* How to complete this task *
Copy the material below verbatim from the line with "A: With weighted" to the line with "70将超级兵,6.5万羽毛2", both lines included, omitting pictures and every line outside that range.

* Data extract *
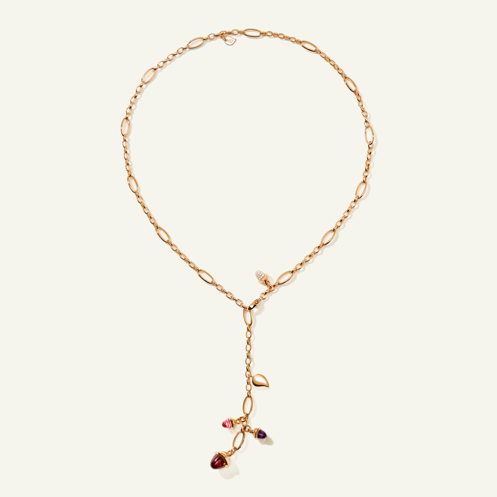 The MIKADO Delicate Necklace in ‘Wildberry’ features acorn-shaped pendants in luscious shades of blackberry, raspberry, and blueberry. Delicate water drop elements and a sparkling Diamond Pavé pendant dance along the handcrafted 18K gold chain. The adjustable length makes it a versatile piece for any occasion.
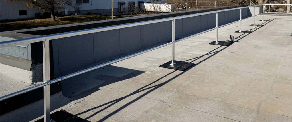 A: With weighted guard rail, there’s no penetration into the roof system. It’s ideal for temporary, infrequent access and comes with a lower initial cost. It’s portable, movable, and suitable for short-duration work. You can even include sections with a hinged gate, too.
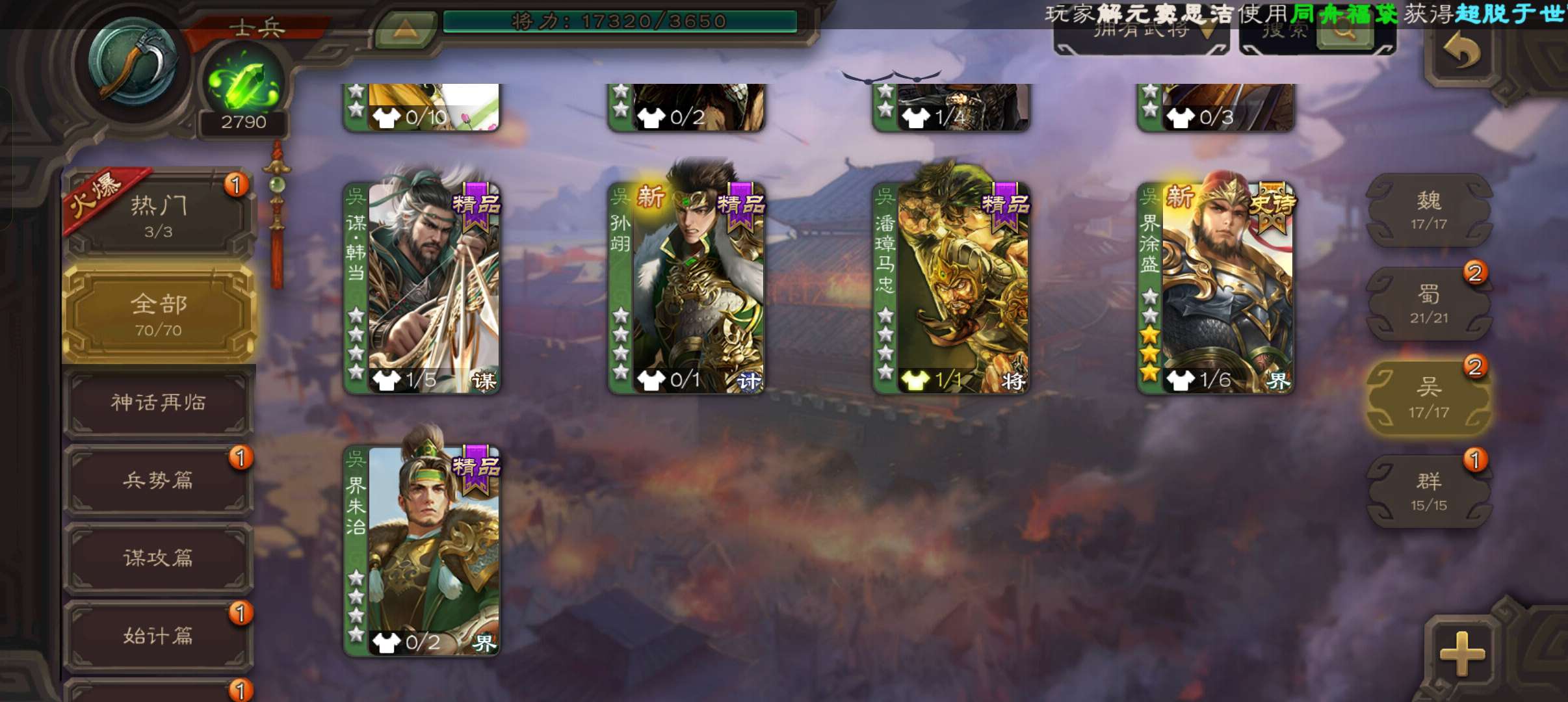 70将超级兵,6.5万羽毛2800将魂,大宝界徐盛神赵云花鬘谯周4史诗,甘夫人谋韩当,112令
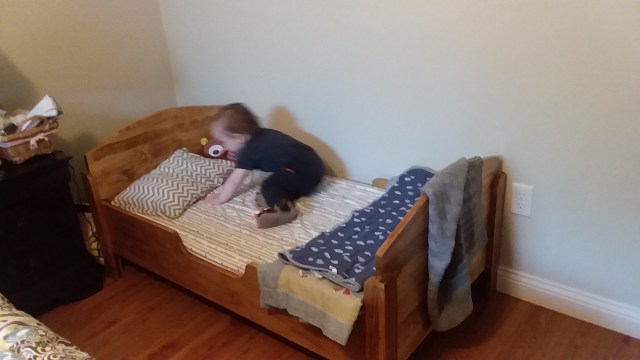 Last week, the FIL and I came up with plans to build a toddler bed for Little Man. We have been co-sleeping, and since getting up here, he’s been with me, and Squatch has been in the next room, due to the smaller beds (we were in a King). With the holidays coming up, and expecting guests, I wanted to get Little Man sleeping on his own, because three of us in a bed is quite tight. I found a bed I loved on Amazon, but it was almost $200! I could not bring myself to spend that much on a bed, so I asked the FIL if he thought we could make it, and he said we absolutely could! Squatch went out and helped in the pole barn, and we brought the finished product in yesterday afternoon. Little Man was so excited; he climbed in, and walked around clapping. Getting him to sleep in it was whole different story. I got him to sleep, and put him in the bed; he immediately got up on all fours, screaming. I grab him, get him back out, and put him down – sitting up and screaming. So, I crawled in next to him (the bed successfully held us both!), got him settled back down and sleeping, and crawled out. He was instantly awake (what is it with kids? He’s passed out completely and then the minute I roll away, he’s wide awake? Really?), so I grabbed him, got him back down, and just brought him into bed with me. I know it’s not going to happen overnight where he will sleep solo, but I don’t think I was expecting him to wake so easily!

* Result *
 A: With weighted guard rail, there’s no penetration into the roof system. It’s ideal for temporary, infrequent access and comes with a lower initial cost. It’s portable, movable, and suitable for short-duration work. You can even include sections with a hinged gate, too.
 70将超级兵,6.5万羽毛2800将魂,大宝界徐盛神赵云花鬘谯周4史诗,甘夫人谋韩当,112令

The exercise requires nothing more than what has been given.